Aeration, if needed to achieve this level, shall be done before the addition of
the test substance. All treatment and control chambers shall be given the same
aeration treatment.
(iii) The number of mysids placed in a test solution shall not be so great as
to affect results of the test. Loading shall not exceed 30 mysids per liter for
a static test. Loading requirements for the flow-through test will vary
depending on the flow rate of dilution water. The loading shall not cause the
dissolved oxygen concentration to fall below the recommended levels.
(iv) Photoperiod of 14 hours light and 10 hours darkness, with a 15 to 30
minute transition period.
(v) Salinity of 20 parts per thousand ±3 percent.

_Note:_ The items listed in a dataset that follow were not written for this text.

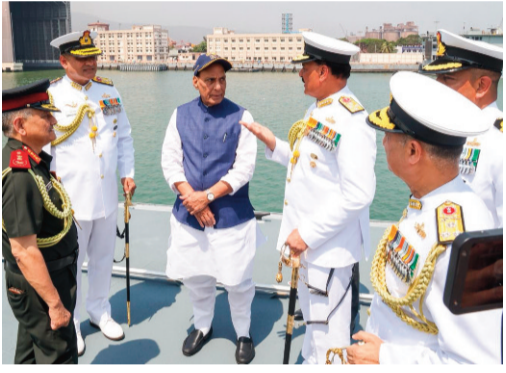
పనిచేసే సామర్థ్యం ఈ వార్షిక్ ప్రత్యేకత. ఐఎస్ఎస్ తారాగిరిని గతేడాది సవంబరు 28న నేవీకి అప్పగించారు.

పనిచేసే సామర్థ్యం ఈ వార్షిక్ ప్రత్యేకత. ఐఎస్ఎస్ తారాగిరిని గతేడాది సవంబరు 28న నేవీకి అప్పగించారు. 149 మీటర్ల పొడవు, 17.8 మీటర్ల వెడల్పుతో 6,670 టన్నుల బరువుండే ఐఎస్ఎస్ తారాగిరి కంబైన్డ్ డిజిల్/గ్యాస్ ఆధారిత ఫ్లాంటుతో సముద్ర జలాల్లో గంటకు 28 నాట్స్ చేగంత్ ప్రయాణించగలదు. ఇందులో నిశ్చల ఫిరంగులతో కూడిన అధునిక టెక్నాలజీ ఉంది. బరాక్-8 వంటి విమాన విధ్వంసక, 8 బ్రహ్మాన్ నౌకా విధ్వంసక క్షిపణులు ఇందులో ఉన్నాయి. యాంటీ సబ్మెరైన్ వార్ఫేర్ వ్యవస్థతోపాటు, శత్రువుల జాడను, ముప్పును ముందే పసిగట్టే రాదార్ వ్యవస్థ ఉంది. అరిదమన్ అనేది ఒక పదం కాదని.. ఒక శక్తి అని కేంద్ర రక్షణశాఖ మంత్రి రాజీనాథ్ సింగ్ అభివర్ణించారు. భారత్ మూడో స్వదేశీ అణు సబ్మెరైన్ అరిదమన్ అని తెలిపారు. దీంతో సముద్ర ఆధారిత అణు నిరోధకశక్తి మరింత
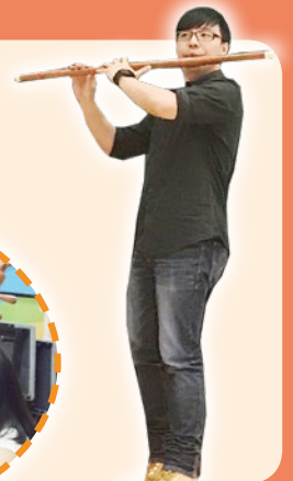
中國笛導師介紹樂器
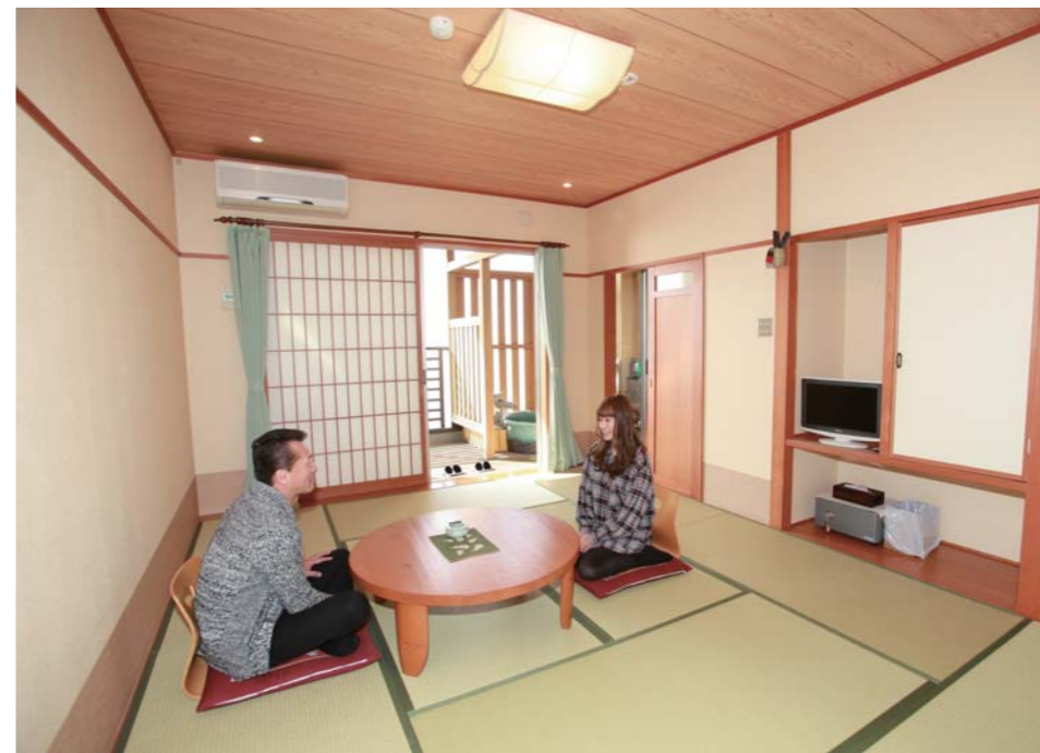
お部屋は広々としていて、全部屋露天風呂付きとなっています。自分へのご褒美にいかがですか？

(e) Reporting. The sponsor shall submit to the EPA all data developed
during the test that are suggestive or predictive of acute toxicity and all
concomitant toxicologic manifestations. In addition to the general reporting
requirements prescribed in part 792 -- Good Laboratory Practice Standards
of this chapter, the reporting of test data shall include the following:
(1) The source of the dilution water, its chemical characteristics (e.g.,
salinity, pH, etc.) and a description of any pretreatment.
(2) Detailed information about the test organisms, including the scientific
name and method of verification, age, source, history, abnormal behavior,
acclimation procedures and food used.
(3) A description of the test chambers, the depth and volume of solution in
the chamber, the way the test was begun (e.g., conditioning, test substance
additions, etc.), the number of organisms per treatment, the number of
replicates, the loading, the lighting, the test substance delivery system and
the flow rate expressed as volume additions per 24 hours.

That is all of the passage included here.